**Material for this task:**
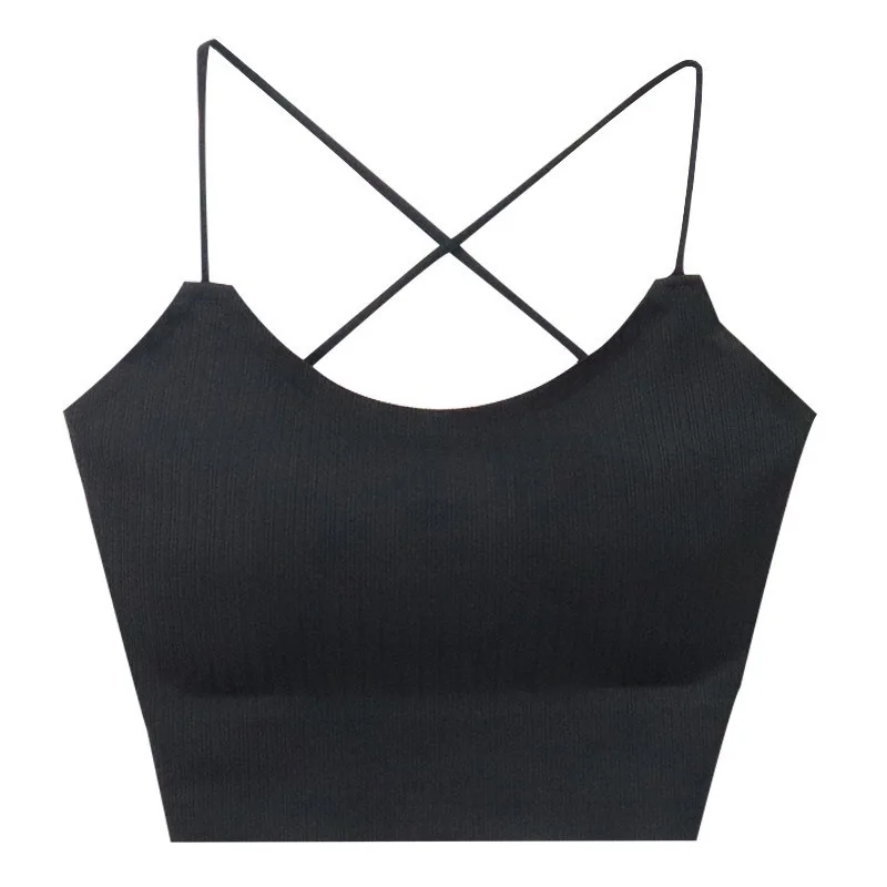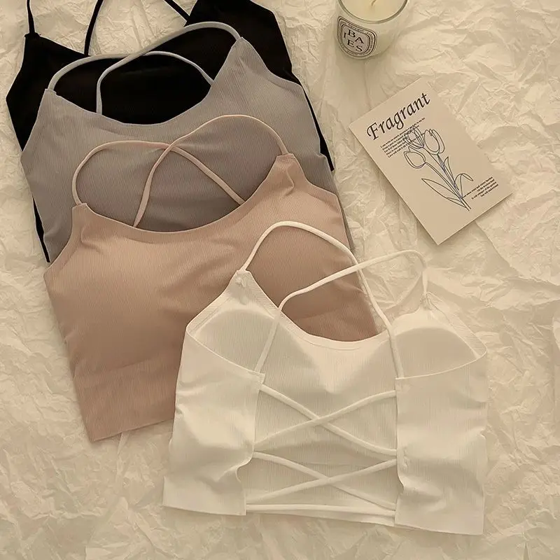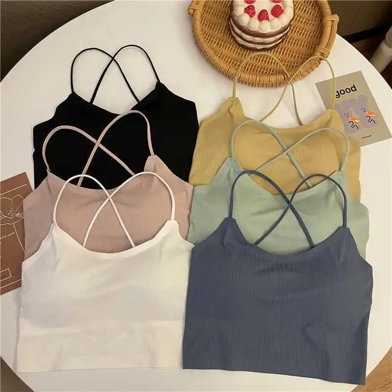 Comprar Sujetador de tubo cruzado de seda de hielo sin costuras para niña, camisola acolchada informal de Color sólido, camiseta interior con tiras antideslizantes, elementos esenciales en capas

...

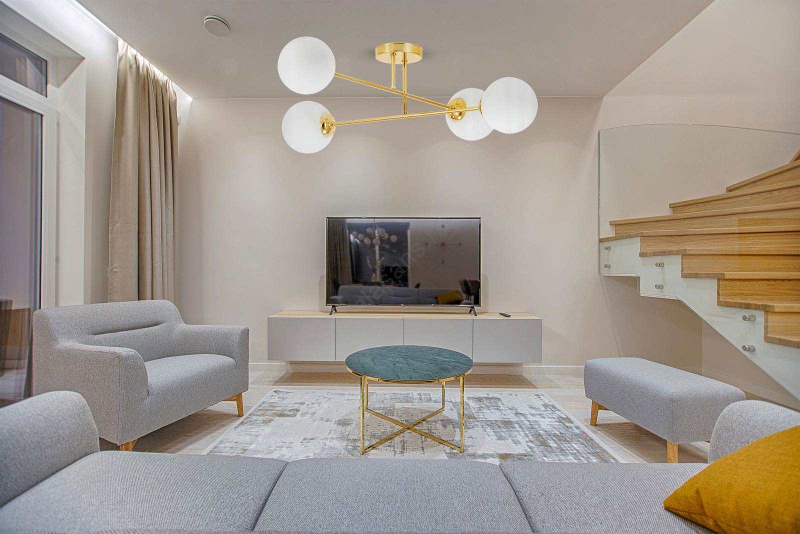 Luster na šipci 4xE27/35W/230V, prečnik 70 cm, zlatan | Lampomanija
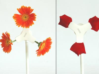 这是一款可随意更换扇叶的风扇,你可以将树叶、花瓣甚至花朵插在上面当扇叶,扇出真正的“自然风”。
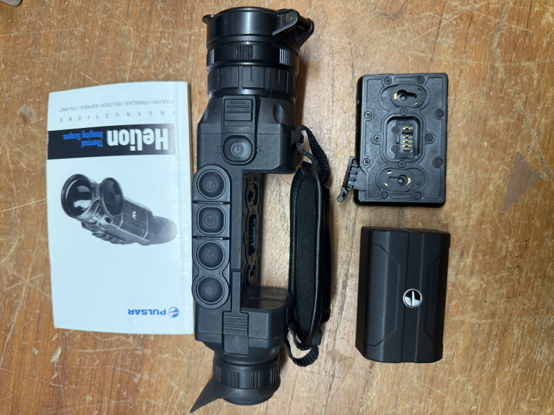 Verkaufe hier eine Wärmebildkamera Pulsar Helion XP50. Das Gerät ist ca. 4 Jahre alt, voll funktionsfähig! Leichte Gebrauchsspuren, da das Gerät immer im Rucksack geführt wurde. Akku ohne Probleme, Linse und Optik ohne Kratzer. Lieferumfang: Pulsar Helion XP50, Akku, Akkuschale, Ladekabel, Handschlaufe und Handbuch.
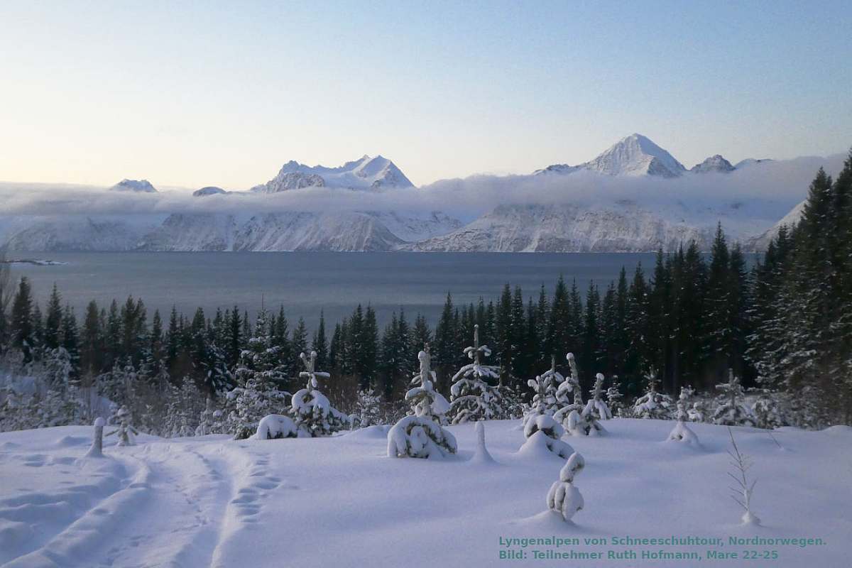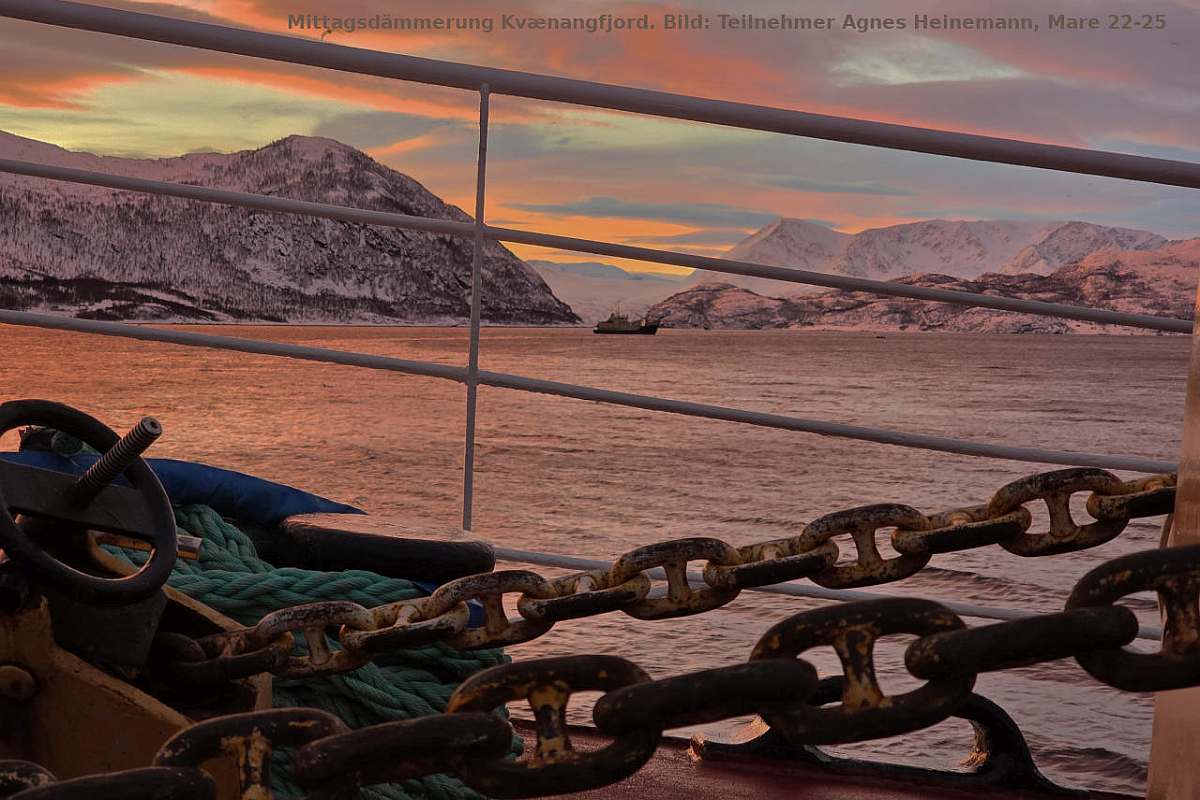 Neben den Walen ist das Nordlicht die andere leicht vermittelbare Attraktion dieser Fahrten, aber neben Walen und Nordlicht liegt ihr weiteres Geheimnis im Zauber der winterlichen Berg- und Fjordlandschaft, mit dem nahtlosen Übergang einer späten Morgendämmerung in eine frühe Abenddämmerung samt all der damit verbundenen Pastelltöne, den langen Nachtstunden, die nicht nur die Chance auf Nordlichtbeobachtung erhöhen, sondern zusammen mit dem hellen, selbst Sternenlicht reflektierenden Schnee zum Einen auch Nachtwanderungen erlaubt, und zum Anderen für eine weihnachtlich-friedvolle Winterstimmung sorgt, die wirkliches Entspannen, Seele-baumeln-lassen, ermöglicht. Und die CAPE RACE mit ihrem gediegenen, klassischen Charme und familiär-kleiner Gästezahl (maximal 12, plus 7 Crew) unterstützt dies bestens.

**Task to complete:** The expected output is the lines above from the one containing "Luster na šipci" to the one containing "Verkaufe hier eine", both ends included, reproduced exactly with every picture left out.

**Exercise answer:**
 Luster na šipci 4xE27/35W/230V, prečnik 70 cm, zlatan | Lampomanija
 这是一款可随意更换扇叶的风扇,你可以将树叶、花瓣甚至花朵插在上面当扇叶,扇出真正的“自然风”。
 Verkaufe hier eine Wärmebildkamera Pulsar Helion XP50. Das Gerät ist ca. 4 Jahre alt, voll funktionsfähig! Leichte Gebrauchsspuren, da das Gerät immer im Rucksack geführt wurde. Akku ohne Probleme, Linse und Optik ohne Kratzer. Lieferumfang: Pulsar Helion XP50, Akku, Akkuschale, Ladekabel, Handschlaufe und Handbuch.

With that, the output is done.